Disruptive Materials in Construction
To identify 3-4 disruptive technologies/products in the construction market, with a focus on the materials used.
- There has been a big emergence of cost-effective new forms of concrete in recent years, with one of the most prominent examples being self-healing concrete.
- The self-healing concrete mix "uses bacteria as a healing agent to close concrete cracks". The bacteria itself is enclosed in a sodium silicate, which ruptures when a crack in the concrete appears, releasing a "gel-like healing agent that hardens to fill the void."
- The durability of the concrete is greatly improved by using that method, which gives a big advantage for any new construction project as the maintenance cost decreases as well.
- Moreover, the mix is very cost-effective compared to regular concrete and other energy-efficient concrete options on the market.
- Since architects have been worried about the quality of the materials that construction companies used to complete their projects, introducing such a cost-effective and durable product will boost the quality of the construction and help better implement the architects' vision.
- However, they are also concerned that while new, durable and cost-effective options are being produced there are still few options that use sustainable materials to produce the cement, which accounts for over 8% of the global CO2 emissions.
Energy Efficient Bricks
- Since architects are extremely concerned about the carbon footprint of their projects.
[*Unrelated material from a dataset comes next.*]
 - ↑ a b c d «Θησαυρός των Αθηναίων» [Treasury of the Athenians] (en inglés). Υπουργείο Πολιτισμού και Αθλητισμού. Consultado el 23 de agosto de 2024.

In fact, over 40% of the greenhouse emissions in the UK alone are caused by the construction industry.
- As such, they have been trying to find ways to create construction materials that are sustainable and eco-friendly.
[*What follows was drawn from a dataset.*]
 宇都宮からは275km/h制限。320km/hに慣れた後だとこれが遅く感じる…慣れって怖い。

- The construction company Thames Water has recently "found an inventive way to use sewage to create the material needed for heavy-duty bricks."
- The company mixes the ash of the burnt dried waste with "carbon dioxide, water, sand and a small quantity of cement to form an aggregate for individual breeze blocks — each weighing 17kg."
- Thames Water is expected to be able to produce 18,000 tonnes of aggregate every year, which can be used to make about 2.3 million construction bricks.